We intend for our manufacturers to guarantee the freshness of
Idaho Chips (TM) during their limited shelf life in the form of
an expiration date.   Once the shelf life has run, the purchaser
assumes the full risk of staleness.  As a result, we may incur
additional costs associated with shipping fresher products to
replace any premature staleness of Idaho Chips (TM), but intend
to recover those costs from the manufacturer.

   Proceeds from Sales

        We generally intend to receive proceeds from the sale of
Idaho Chips (TM) in cash transactions at the time of the sale.
However, we are a development stage company with limited
resources and our ability to negotiate for cash transactions may
create difficulties in getting Idaho Chips (TM) to the market.
Consequently, receipt of proceeds will vary on the type of
transaction negotiated.  For example, we may:

*    extend a line of credit and charge an interest rate for
     balances unpaid beyond a negotiated number of days; or
*    sell on consignment and receive proceeds of the sale at a
     future negotiated date.

     Note that we have not to entered into any contracts for the
sale of Idaho Chips (TM) and are unable to provide any details of
credit lines, interest rates or consignment percentages but
intend to base our contracts on prevailing market terms and
rates.

   Market Penetration

        We plan to penetrate the existing Japanese market with
Idaho Chips (TM), a kettle-fried potato chip made from Idaho
potatoes.  If successful in Japan, we will expand Idaho Chips
(TM) into other Asian markets.  Our strategy for market
penetration and expansion will consist of creating consumer trial
and acceptance of Idaho Chips (TM).  We believe the key elements
of creating consumer trial and acceptance to be packaging,
placement, taste, and price.

     Packaging

        Getting consumers to try Idaho Chips (TM) will be
important to our success.  The Snack Food Association reports
that approximately 70 percent of salty snack food purchases are
made on impulse.  We intend to expend a percent of the proceeds
from this offering to research the best package design and color
to trigger an impulse to buy Idaho Chips (TM).  We believe that
this may be accomplished, in part, by clearly displaying the
kettle-fried process and the Idaho origin on the package of Idaho
Chips (TM).  We believe that the Idaho origin of a kettle style
potato chip will be important to Japanese consumers due to the
experience of our President, Cornelius A. Hofman, who lived in
Japan for

                               12


a period two years.  Mr.
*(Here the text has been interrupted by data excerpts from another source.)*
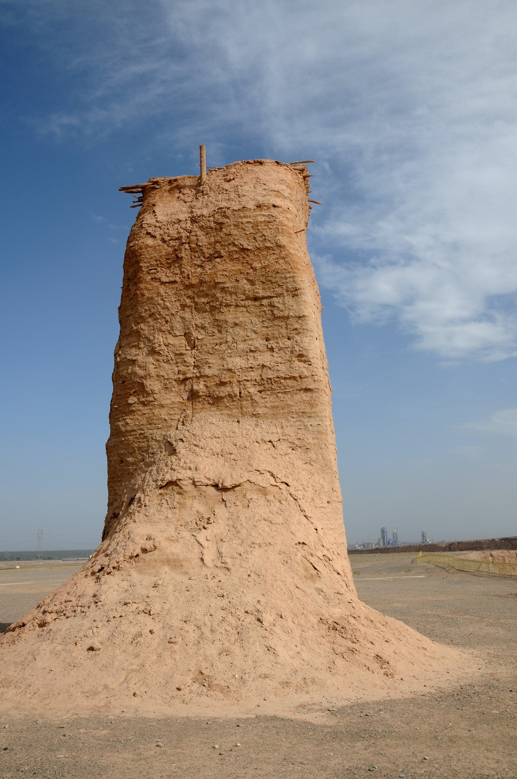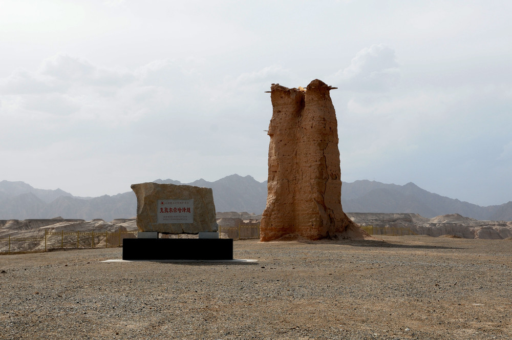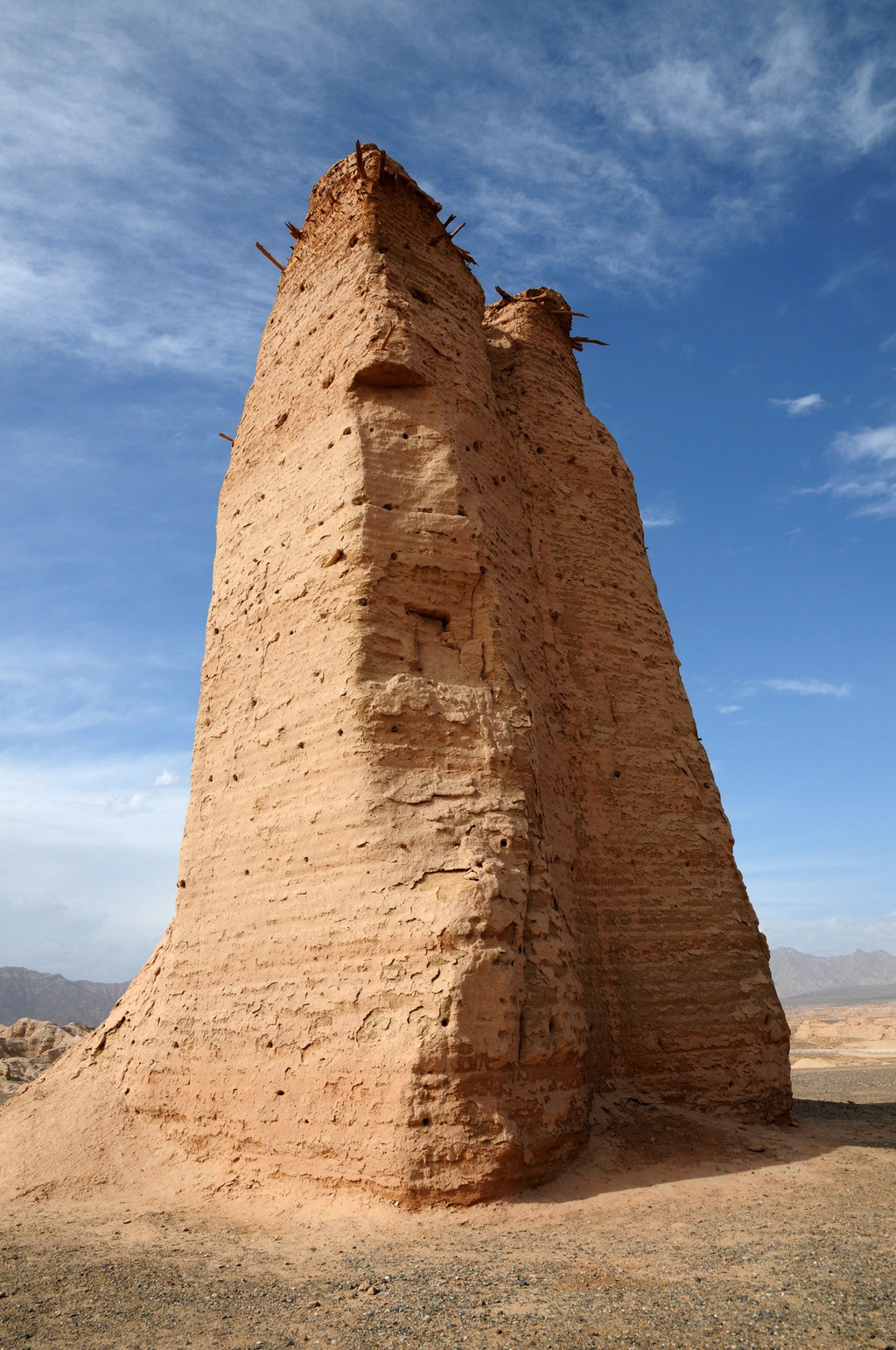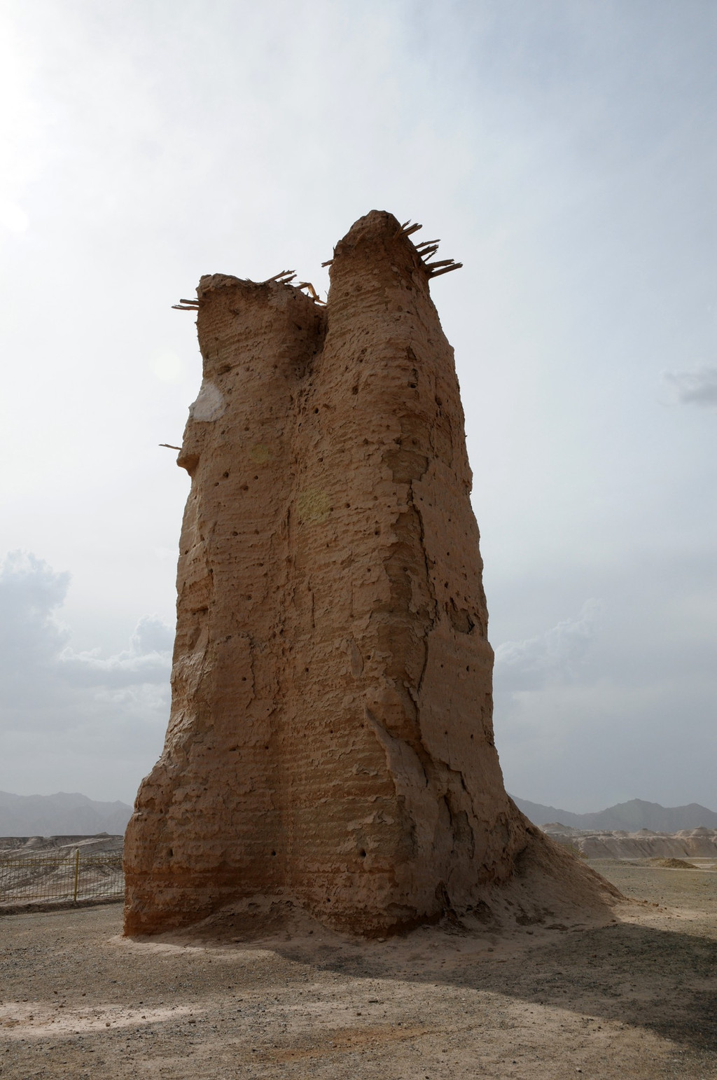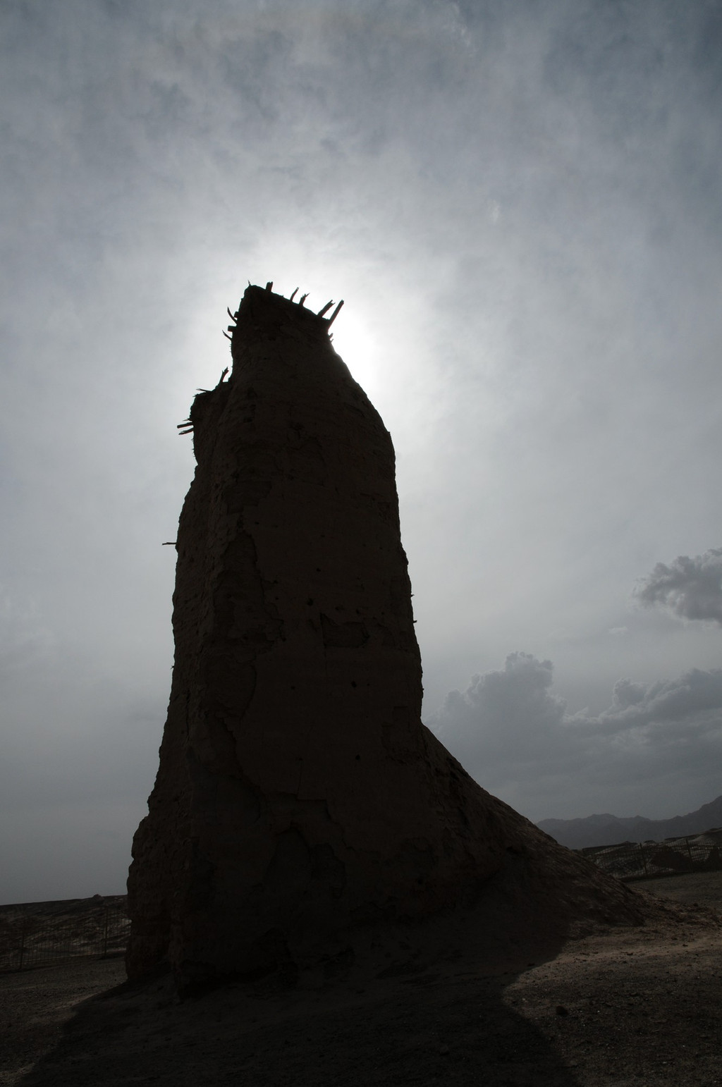 克孜尔尕哈烽燧离库车县城不远,在城北12公里处的库车河边,烽燧背倚却勒塔格山,面朝库车绿洲,深居盐水沟谷,烽燧的四周是一片比较平坦的黄土地,四、五层楼高的烽燧便显得特别突出。烽燧的烟火已经熄灭了千年,用天空中的云作为背景,遥想一下当年的烽烟。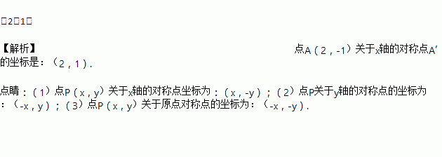 点A(2,﹣1)关于x轴的对称点A′的坐标是_____.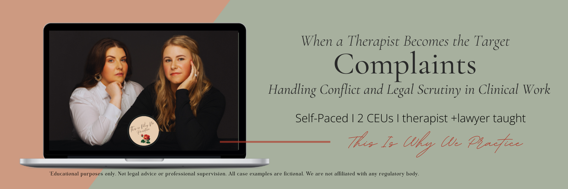 This course is provided for educational and reflective purposes only. The content is intended to support professional learning, ethical awareness, and general understanding of clinical, regulatory, and legal processes. It does not constitute legal advice, clinical supervision, therapeutic treatment, or regulatory guidance. Case examples presented in this course are fictional and are used solely for illustrative and educational purposes. Any resemblance to real individuals or situations is coincidental. Participation in this course does not create a lawyer–client, supervisor–supervisee, or therapeutic relationship between participants and the facilitators. Clinicians are responsible for applying the material in a manner consistent with their own professional judgment, scope of practice, regulatory requirements, and applicable laws within their jurisdiction. While the course includes BC-specific references, the content is not a substitute for consulting a qualified lawyer, professional liability insurer, clinical supervisor, or regulatory body regarding individual circumstances. We are not affiliated with any regulatory body.

Hofman noted that the Japanese people
often associated his home state of Idaho with potatoes.  Although
we have not further researched this issue, we believe our
president's experience to be sufficient evidence that there is
some degree of name recognition for Idaho potatoes in the Japan.
We also intend to create a unique brand image for Idaho Chips
(TM) by further developing a package that communicates to
consumers that we are a gourmet snack food company, which we
believe will appeal to Japanese consumers.

     Placement

        Favorable shelf placement of Idaho Chips (TM) in relation
to our competitors will be helpful to capitalize on the impulse
buyer.  We will attempt to negotiate with Japanese retailers the
placement of Idaho Chips (TM) in strategic locations.  We believe
such locations are at eye level and close to high traffic areas
like the check out stand.  We further believe that an
aesthetically pleasing package promoting the kettle fried style
and Idaho origin of our potato chip will distinguish Idaho Chips
(TM) from the nearly placed products of our competitors.  We do
not intend to pay additional money negotiating placement in Japan
since placement is contingent on each store's affinity for a
product.  For example, if a store likes a product, the store will
grant that product favorable placement.  As a result, we intend
to negotiate favorable placement by producing a good product with
an appealing package.  By doing so, we increase the probability
that Japanese stores will grant Idaho Chips (TM) favorable
placement in strategic locations.  Conversely,  if Japanese
stores do not like Idaho Chips (TM) it will be very difficult to
obtain favorable placement.

     Taste

        We intend to sell flavorful potato chips as Idaho Chips
(TM) in order to achieve consumer acceptance and loyalty.  We
will accomplish this by using Idaho potatoes and a kettle frying
process.  These two elements combined with the careful selection
of a potato chip manufacturer will provide, as we believe, a
flavorful potato chip.

     Price

        We intend to offer Idaho Chips (TM) at a fair everyday
price to maintain the initial impulse of the buyer.  Our prices
will be based upon a combination of employee, manufacturing,
packaging, distribution and marketing costs as well as the prices
of closely related products of our competitors. Although we have
no existing contracts with manufacturers, importers or
distributors and will be competing with companies like Frito Lay
and Proctor and Gamble, we believe we can offer a fair everyday
price by:

     * closely monitoring our expenses.  In particular, our
       officers will maintain outside employment thereby
       eliminating the need to pay living wage incomes.  This in
       turn reduces the overall cost of doing business; and

     * accepting a smaller profit margin.  We recognize that
       Cach Foods is a newcomer in the Japanese snack food
       market with no market share.  As a result, we are willing
       to accept a smaller profit margin to maintain the
       consumers' initial impulse with a competitive price.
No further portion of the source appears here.